The Olympic games, which were perceived during the cold war as a bourgeois pastime, are hailed as a democratic competition where merit is awarded on performance. But, there is still no question that there is a significant correlation between a country’s political standing and the number of medals it wins at the Olympics. These games have become a branding effort on behalf of the world’s powers and the countries trying to become one of them.
To illustrate my point, take a look at these two lists:
Imagine, what would happen if in 2016 the USA would loose its position as one of the top 3 countries? What if China would lead with most gold medals followed by Germany and Brazil while Vietnam, whose growing economy is making news, started to build a substantial repertoire of medals?
What impact would it have on tourism and business development if countries like Colombia and Peru started showing up on the tally screen for taking a substantial number of medals in high visibility sports?
Would this influence journalists, investors, economists, or politicians?
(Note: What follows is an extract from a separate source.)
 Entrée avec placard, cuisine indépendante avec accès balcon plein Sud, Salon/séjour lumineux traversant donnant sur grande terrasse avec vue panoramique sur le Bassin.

Would it affect the public’s perspective?
Of course it would.
It is the countries that see this event as a branding opportunity and have the means to do something about it that continue to win. They spend considerable time, effort and budget in order to play a role in this stage. By doing so, they are investing in something whose only ROI is the public’s perception of their country, a reinforcement of their power.
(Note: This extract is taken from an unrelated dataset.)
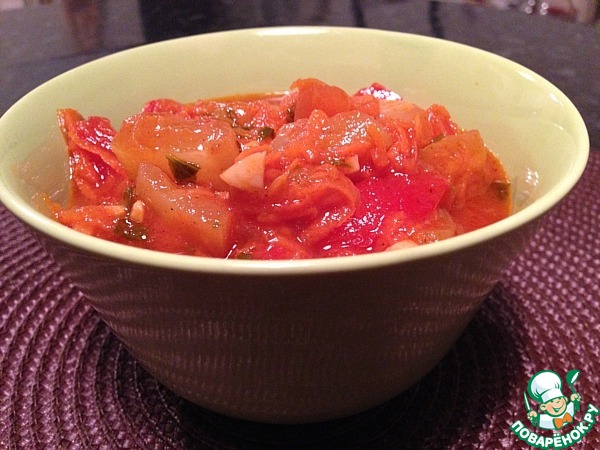 Кабачки (если не большие) режем кружочками, морковь натираем на крупной тёрке, перец режем не большими кубиками. Добавляем специи, сахар, соль, масло. Томатную пасту разводим в 1 литре воды и добавляем к овощам.

It’s not necessarily wealthy countries that win more medals; it is those that care about public image. Case in point: North Korea. While the majority of the population is in a state of starvation, they have acquired 5 medals (4 of which are in weightlifting), scoring above more economically and politically stable countries such as Brazil and Norway. The North Korean government is famous for its Stalinist-like propaganda; it’s a country that understands the power of branding. According to a recent NY Times article, after lifting three times his body weight, gold medalist Om-Yun Chon states that this feat was possible due to the “warm love and consideration of General Kim Jong-il and comrade Kim Jong-un.” Successful or not, this is a country desperately trying to rebrand itself.
The Olympics can be looked at as an evaluation of a country’s power in terms of their strongest, most skilful citizens. Whether this is an accurate or logical measure, this message exists. It is true that, like companies, everything a country does builds on what it is. The Olympics are not just a time for showcasing sporting excellence; it is the moment in which countries reaffirm their position on the world pedestal.